● **SUPPLIED INFORMATION**
--------------------------------

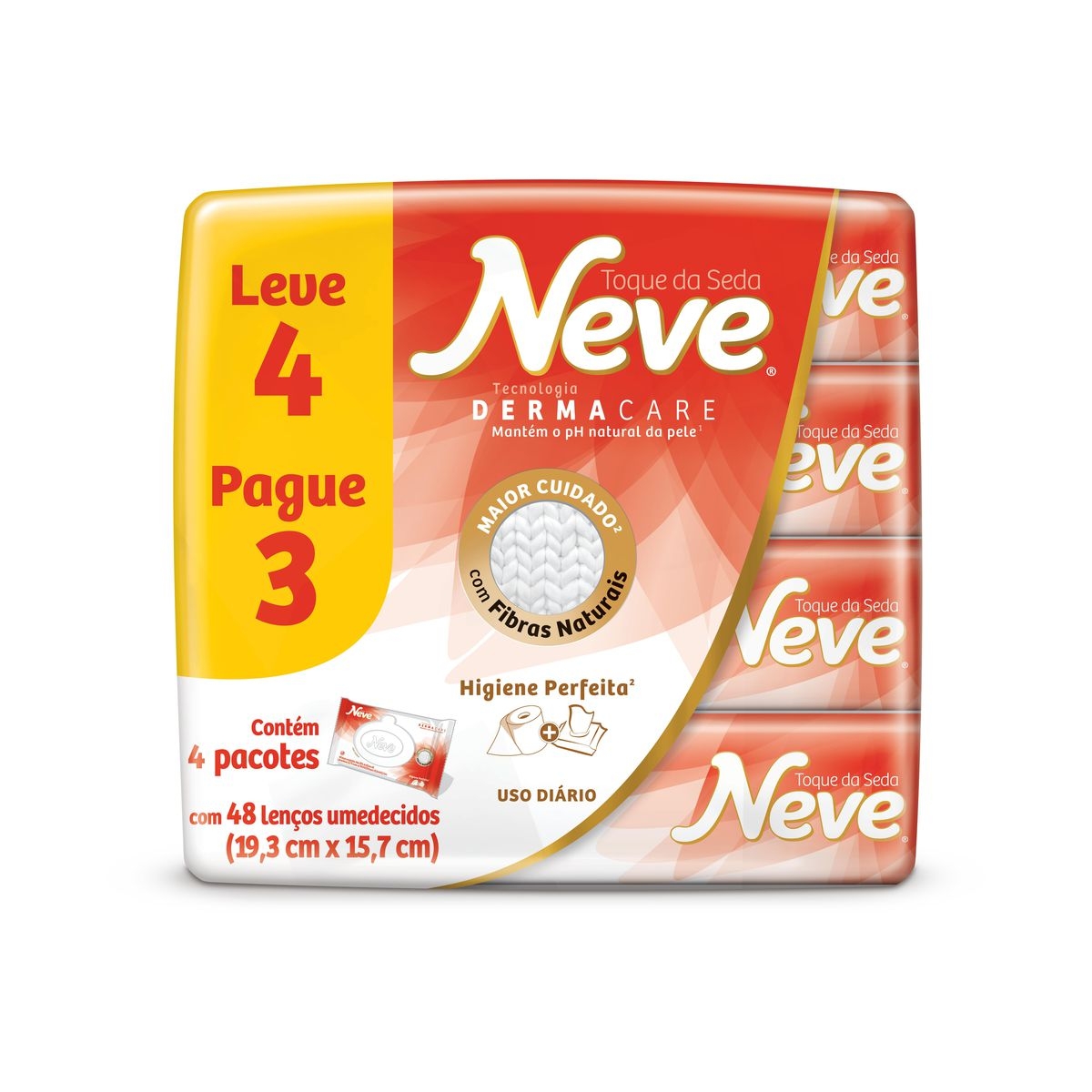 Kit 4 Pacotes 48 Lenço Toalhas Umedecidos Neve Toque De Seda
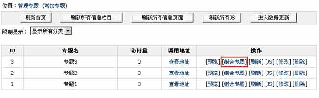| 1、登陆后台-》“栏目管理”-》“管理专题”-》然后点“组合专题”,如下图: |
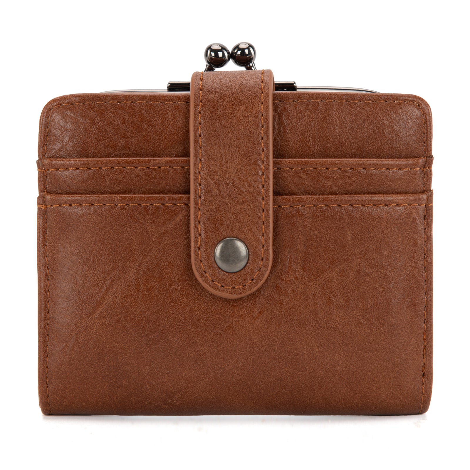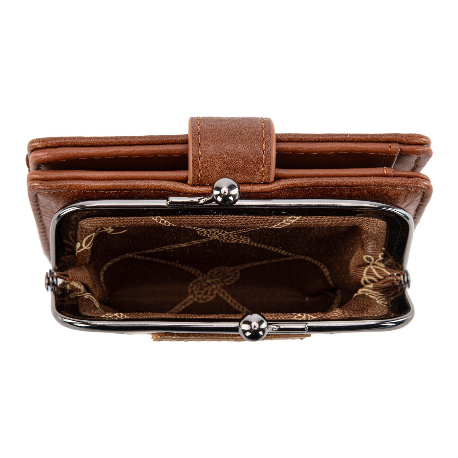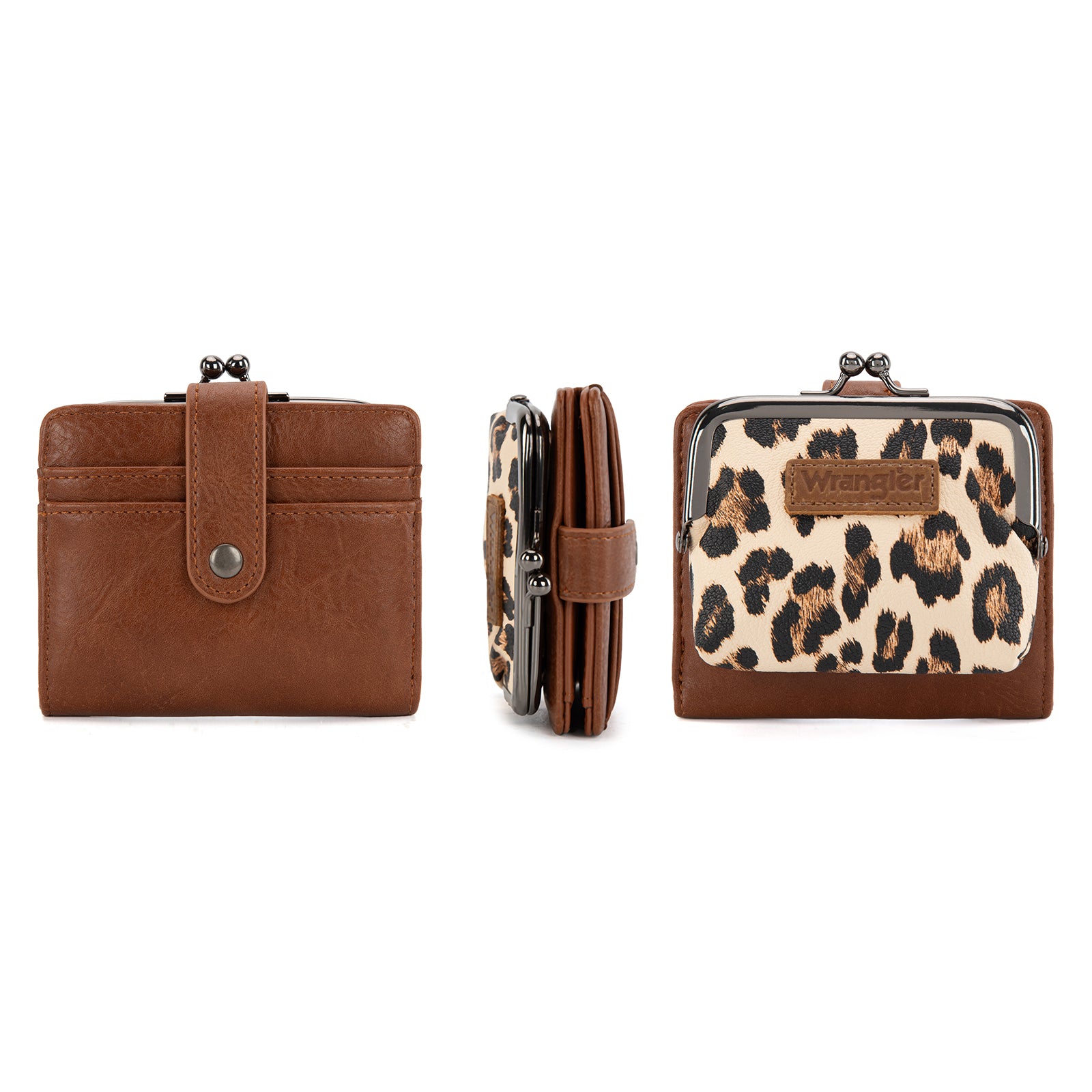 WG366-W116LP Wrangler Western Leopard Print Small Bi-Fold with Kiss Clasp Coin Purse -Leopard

--------------------------------

● **YOUR GOAL**
Leaving the pictures behind, return every line above exactly.

● **EXPECTED ANSWER**
 Kit 4 Pacotes 48 Lenço Toalhas Umedecidos Neve Toque De Seda
| 1、登陆后台-》“栏目管理”-》“管理专题”-》然后点“组合专题”,如下图: |
 WG366-W116LP Wrangler Western Leopard Print Small Bi-Fold with Kiss Clasp Coin Purse -Leopard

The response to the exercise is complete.